While Dad is my family's resident sci-fi connoisseur, this year Dad and I trekked into interstellar space together, reading C.S. Lewis' Space Trilogy and Orson Scott Card's Ender's Game. I had reservations about reading sci-fi novels, as I thought I might end up becoming fluent in Klingon as a result. Surprisingly, the genre ended up teaching me a thing or two about theology, and even more about the mechanics of the writing craft.
Written in the 40s, Lewis' Space Trilogy has little to do with the physical world of outer space as we presently know it. His writing is clearly informed by the scientific knowledge of his day, but for the most part, the physical world(s) he writes about serve his stories, which are obviously allegorical. Suspend your disbelief, Dear Readers. Suspend it in zero gravity.
Out of the Silent Planet (***1/2), the first book in the trilogy, features Lewis finding his voice in the genre, and while his first steps are elementary enough, they are also thought-provoking and worthwhile. While the first two-thirds of the book are standard sci-fi fare, sometime during the last third, Lewis' universe assumes a theological bent that casts life on planet Earth in an entirely different light. At the time of this reading, I also listened to N.T. Wright's lectures on the Veritas Forum. Lewis and Wright pushed outward in my skull, and my inner world expanded as a result. My perception of creativity was permanently altered. People talk about the narrow-mindedness of Christians, which saddens me. The imagination of God is clearly broad enough to include, as film director Kevin Smith put it in the disclaimer at the beginning of the movie Dogma, the platypus, among other things. If Christ is truly the Son of God, Christians should be the most imaginative lot on the planet.
Lewis certainly affirms this in the 2nd book in the series, Perelandra (*****). People most often associate Lewis with the Chronicles of Narnia, or with his more overt theologically-minded works like Mere Christianity or The Screwtape Letters.

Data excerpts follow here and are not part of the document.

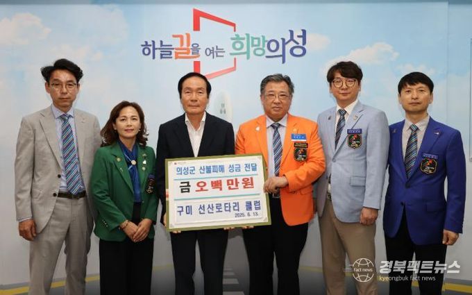 김주수 의성군수는 “어려운 시기에 따뜻한 마음으로 도움을 주신 구미 선산로타리클럽에 깊이 감사드린다”며 “기탁해주신 성금은 피해 주민들에게 큰 위로가 될 것이며, 소중한 뜻이 잘 전달되도록 하겠다”고 전했다.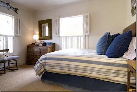 French ticking originated as a utilitarian fabric used to cover mattresses, pillows, and daybeds. An extremely durable fabric it was originally woven to withstand heavy use and had a traditional heavy weave and straight line pattern. According to Wendy, antique pieces can still be found as early as the 18th century. In this room above from Country Living we see the ticking on the pillows and on the box spring. I really like how this looks - subtle but a very nice touch.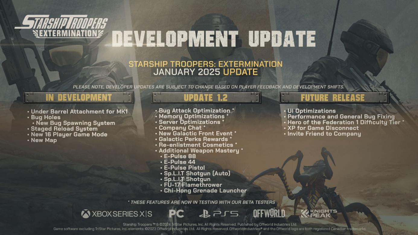 Mit dem neuesten Patch für Starship Troopers: Extermination stellen die Entwickler einmal mehr ihr kontinuierliches Engagement unter Beweis, das Spiel zu verbessern und Probleme zu beheben. Das Team hat bereits UI-Fokus-Optimierungen in Update 1.3 angekündigt, um Fälle zu beheben, in denen die Tasten „Y“ und „Dreieck“ auf Controllern nicht reagieren. Darüber hinaus wurden gelegentliche Audioverzerrungen während der Angriffe von Bug-Schwärmen auf der PlayStation sowie in seltenen Fällen Ausrüstungsbenachrichtigungen festgestellt, die nicht richtig gelöscht werden.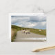 Carte postale de quelques moutons sur une route goudronnée dans la campagne irlandaise avec une barre de décoloration et le texte : "Irlande".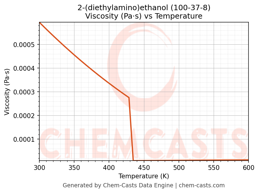 This page presents the temperature-dependent thermodynamic and transport properties of 2-(diethylamino)ethanol (CAS 100-37-8) calculated at a constant pressure of 1 atm (101325 Pa) over the temperature range 250-500 K.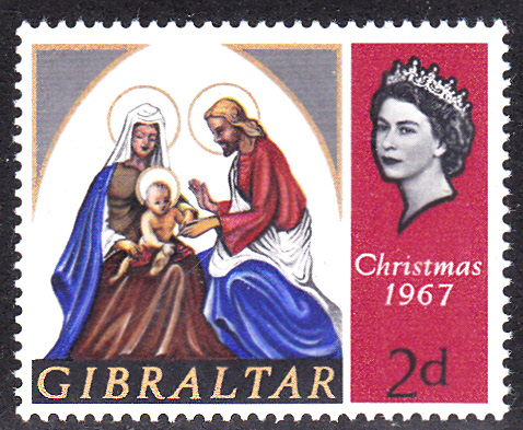 Auf einer Weihnachtsmarke aus dem Jahr 1967 aus Gibraltar (MiNr 205) wird die Heilige Familia dargestellt.

Little did I know, upon embarking into the world of Perelandra, that I was about to read my new favorite C.S. Lewis book, a work so colorful and imaginative and theologically charged that it would win me over completely. Lewis dramatizes theology in such a beautiful way in this book, making the abstract concrete, providing us with a new perspective on the human condition through comparison with the inhabitants of another world. Among other things, he aims to imagine what it would be like if man had never fallen from grace. Lewis works out this theological puzzle with panache in this book, and with remarkably powerful results.

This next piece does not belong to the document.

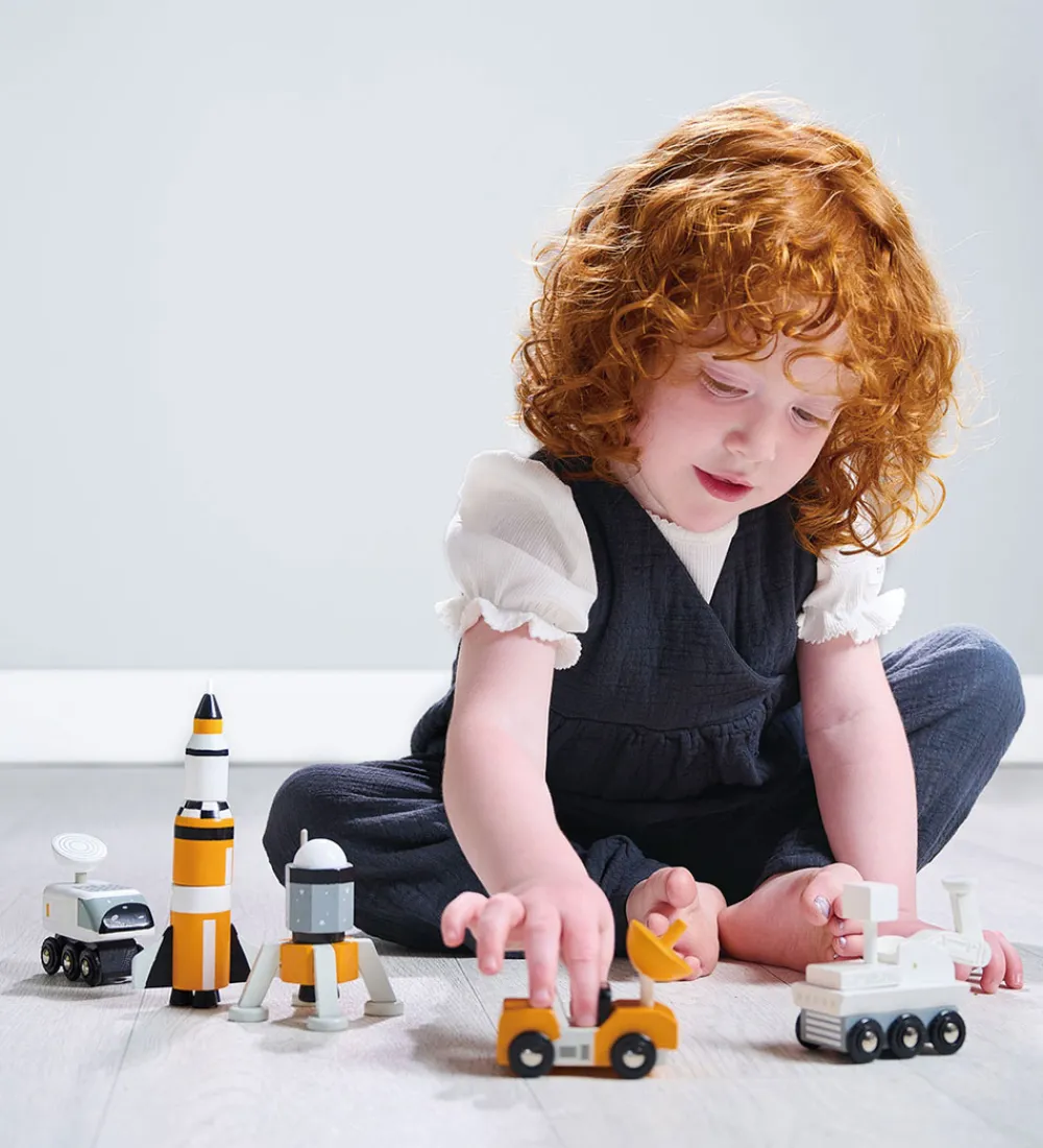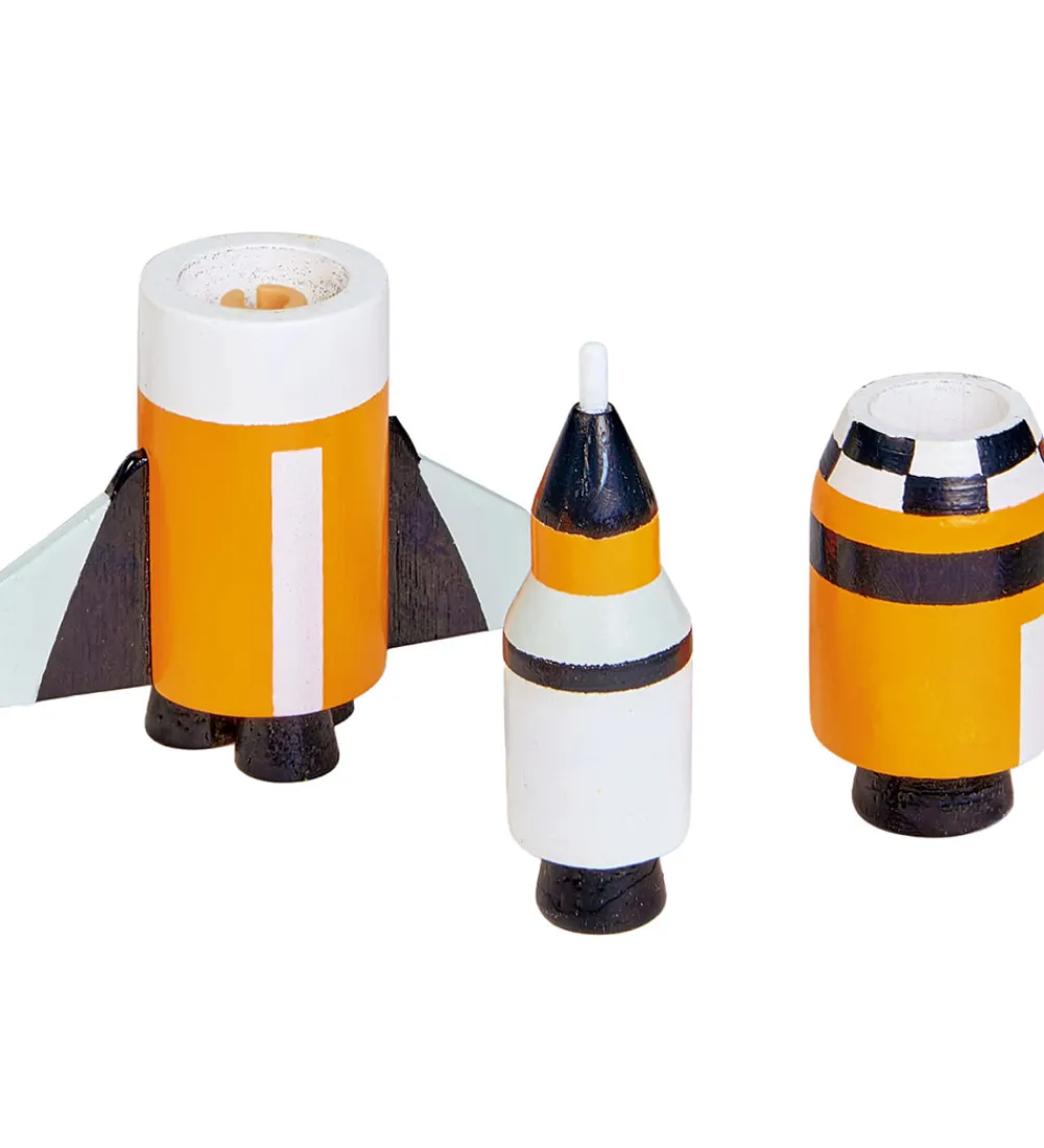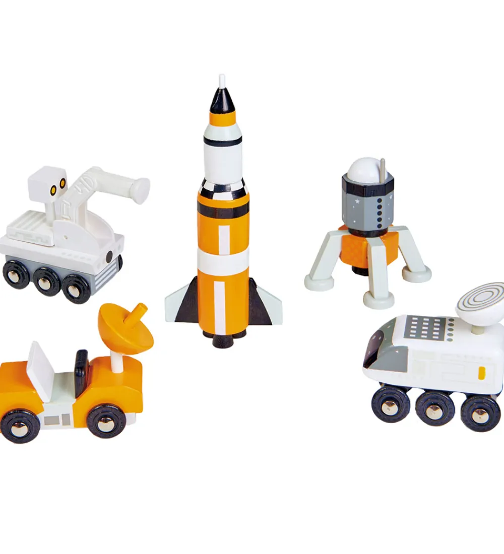 Sjovt Tender Leaf trælegetøj formet som fem forskellige rumkøretøjer i hvid, sort og orange.

The third and final installment in the trilogy, That Hideous Strength (****1/2), was a more than worthy conclusion to the series. It seamlessly integrates Lewis' love of myth with his experiences in the academy, resulting in a work that is highly cerebral, complex, and surreal. Structurally, it features Lewis at his most ambitious. He adeptly juggles parallel narratives, populates his world with a whole world of memorable characters, and finally interweaves elements of the first two books even as this book feels distinctly unlike them. Honestly, it is difficult for me to decide whether I like this or Perelandra better, but I think I like Perelandra better from a conceptual standpoint. They both stand tall in Lewis' oeuvre.
After reading these three books from January to March, I found myself appreciating sci-fi as a genre in a way I never had before. I cut my teeth on the Star Wars trilogy and grew up watching Star Trek: The Next Generation with my Dad, but I only saw them as stories set in space rather than intergalactic parables that had the ability to speak about life here on Earth. Not all works of science-fiction function this way, but Lewis' Space Trilogy certain does. Lewis travels into the black abyss of outer space only to turn his telescope back on us so we can see ourselves from a God's-eye view.